Jeremy Irons Monologues

Humbert Humbert Monologues

She was Lo, plain Lo, in the morning, standing four feet ten in one sock. She was Lola in slacks, she was Dolly at school. She was Dolores on the dotted line. But in my arms she was always - Lolita. Light of my life, fire of my loins. My sin. My soul.

Lolita.

I looked and looked at her, and I knew, as clearly as I know that I will die, that I loved her more than anything I had ever seen or imagined on earth. She was only the dead-leaf echo of the nymphet from long ago - but I loved her, this Lolita, pale and polluted and big with another man's child. She could fade and wither - I didn't care. I would still go mad with tenderness at the mere sight of her face.

What I heard then was the melody of children at play, nothing but that. And I knew that the hopelessly poignant thing was not Lolita's absence from my side, but the absence of her voice from that chorus.

Don't touch me; I'll die if you touch me.

Ladies and gentlemen of the jury, if my happiness could have talked it would have filled that hotel with a deafening roar.

The shock of her death froze something in me. The child I loved was gone, but I kept looking for her - long after I had left my own childhood behind. The poison was in the wound, you see. And the wound wouldn't heal.

A normal man, given a group photograph of school girls and asked to point out the loveliest one, will not necessarily choose the nymphet among them.

Lo, listen a moment. For all intents and purposes I am your father and I am responsible for your welfare. We are not rich, so when we travel, we shall be - we shall uh… we shall be thrown together a great deal. And two people who enter into a cohabitation inevitably lead into a kind of…

We had been everywhere. We had really seen nothing.

I was not quite prepared for the reality of my dual role. On the one hand, the willing corruptor of an innocent, and on the other, Humbert the happy housewife.

Despite our tiffs, despite her nastiness, despite all the fuss and faces she made, and the vulgarity, and the danger and the horrible hopelessness of it all, I still dwelled deep in my elected paradise - a paradise whose skies were the colour of hell-flames - but still a paradise.

John Tuld Monologues

There are three ways to make a living in this business: be first, be smarter, or cheat.

Maybe you could tell me what is going on. And please, speak as you might to a young child. Or a golden retriever. It wasn't brains that brought me here; I assure you that.

So, what you're telling me, is that the music is about to stop, and we're going to be left holding the biggest bag of odorous excrement ever assembled in the history of capitalism.

Let me tell you something, Mr. Sullivan. Do you care to know why I'm in this chair with you all? I mean, why I earn the big bucks.

I'm here for one reason and one reason alone. I'm here to guess what the music might do a week, a month, a year from now. That's it. Nothing more. And standing here tonight, I'm afraid that I don't hear - a - thing. Just... silence.

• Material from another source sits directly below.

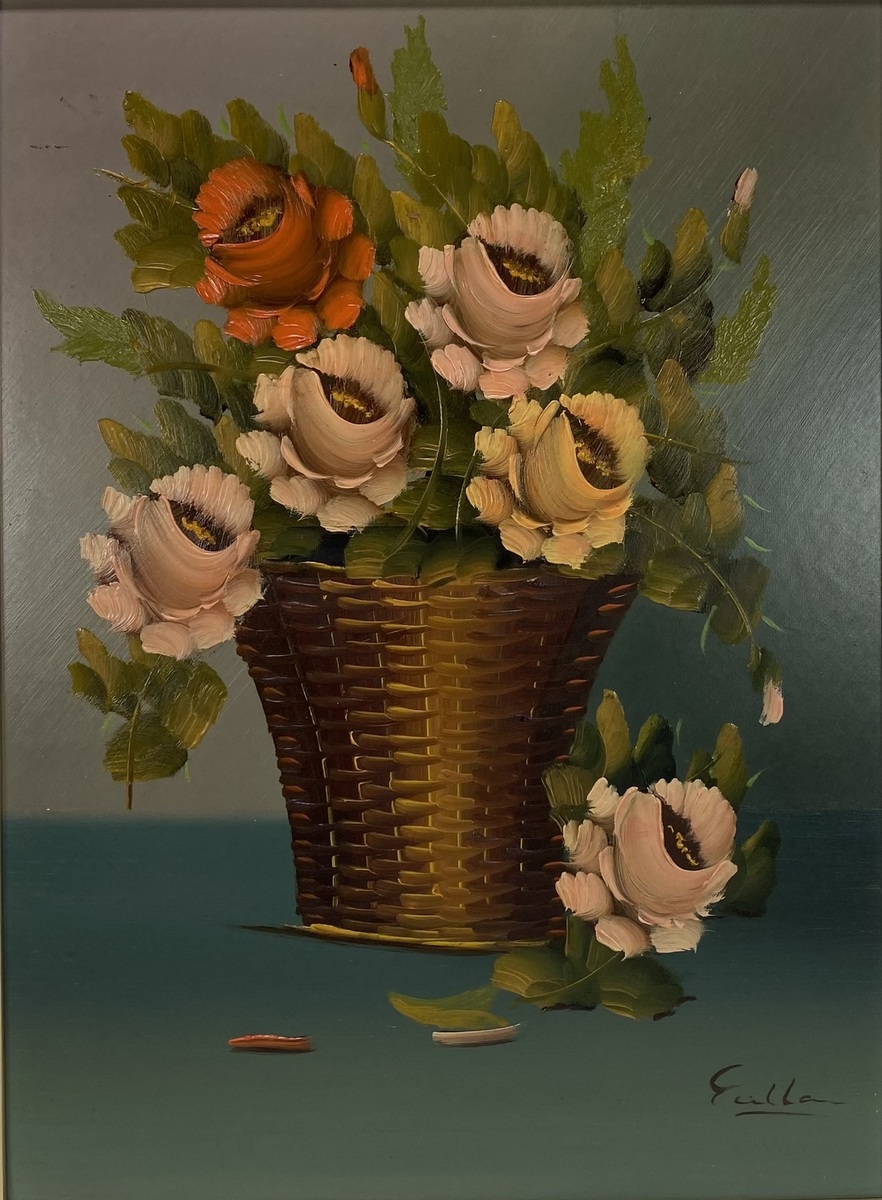 Figuratief schilderij door de Nederlandse kunstenaar Adriaan Gallen (1938), olieverf op hardboard, rechtsonder gesigneerd 'Gallen'. Het stilleven uit het midden van de 20e eeuw toont een weelderige bos bloemen in zachte, roze en oranje tinten in een gevlochten mand tegen een groenblauwe achtergrond. Het werk is in een realistische, pasteuze stijl uitgevoerd en voorzien van een goudkleurige lijst.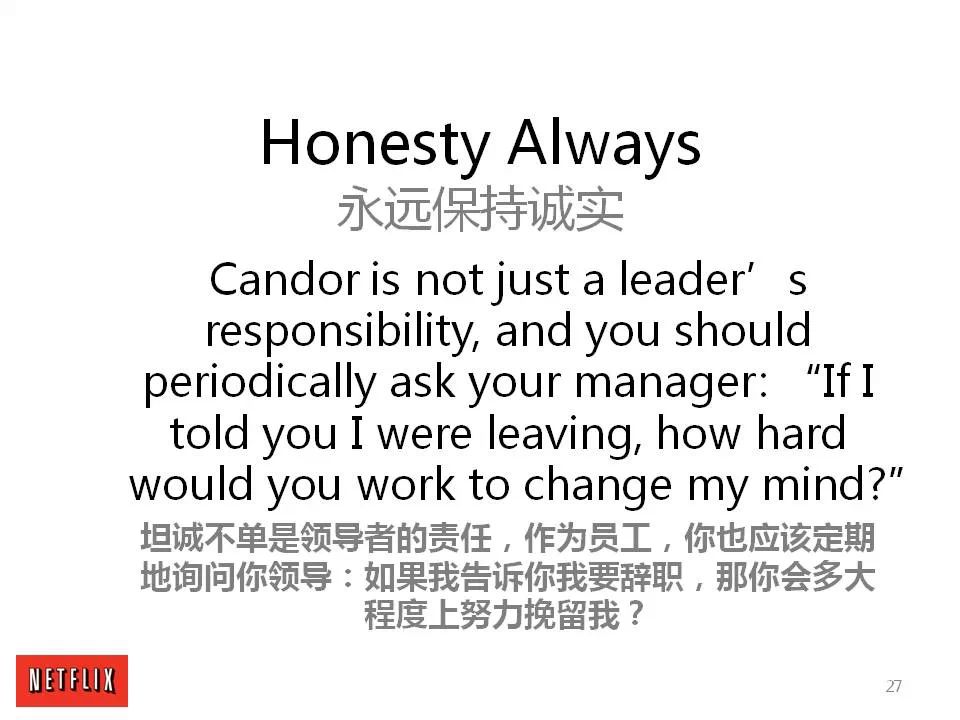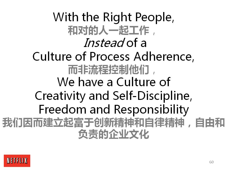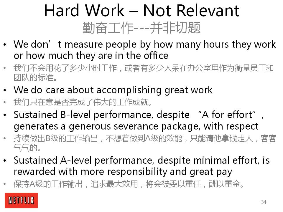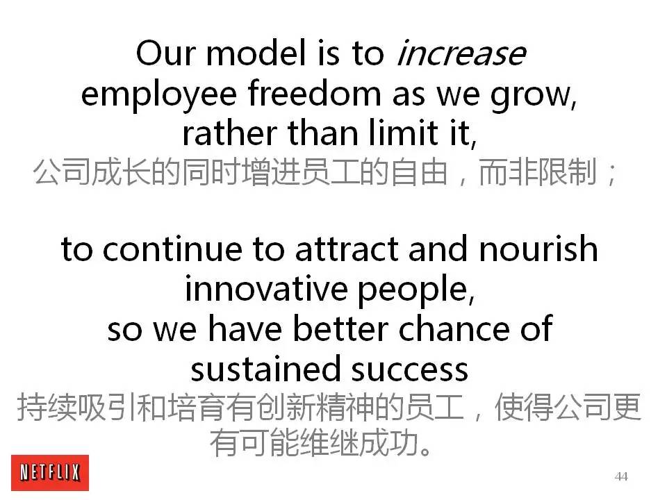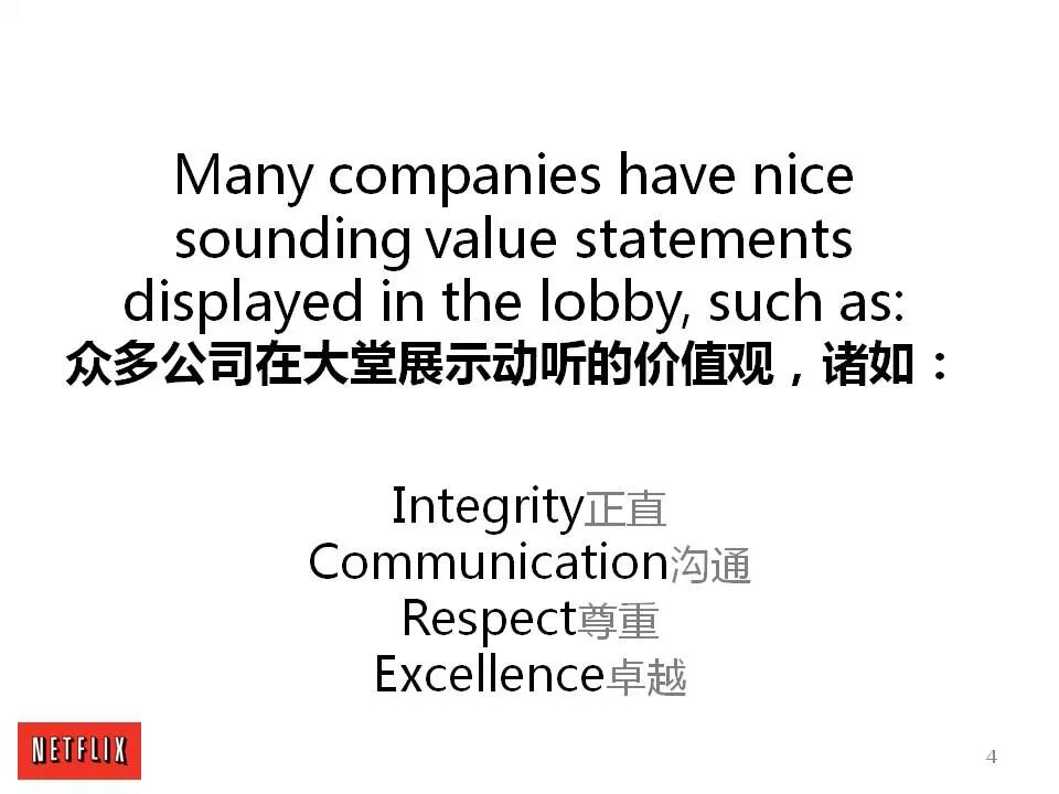 最近读到一份Netflix的企业文化PPT。网上有人将其翻译出来,虽然中文比较怪异,但双语对照,相信对你会有所启发。

So you think we might have put a few people out of business today. That its all for naught. You've been doing that everyday for almost forty years Sam. And if this is all for naught then so is everything out there. Its just money; its made up. Pieces of paper with pictures on it so we don't have to kill each other just to get something to eat. It's not wrong. And it's certainly no different today than its ever been. 1637, 1797, 1819, 37, 57, 84, 1901, 07, 29, 1937, 1974, 1987-Jesus, didn't that fuck up me up good-92, 97, 2000 and whatever we want to call this. It's all just the same thing over and over; we can't help ourselves. And you and I can't control it, or stop it, or even slow it. Or even ever-so-slightly alter it. We just react. And we make a lot money if we get it right. And we get left by the side of the side of the road if we get it wrong. And there have always been and there always will be the same percentage of winners and losers. Happy foxes and sad sacks. Fat cats and starving dogs in this world. Yeah, there may be more of us today than there's ever been. But the percentages-they stay exactly the same.

You're one of the luckiest guys in the world, Sam. You could been digging ditches all these years.

I must apologise for dragging you all here at such an uncommon hour, but from what I've been told this matter needs to be dealt with urgently. So urgently in fact probably should've been addressed weeks ago. But that is spilt milk under the bridge.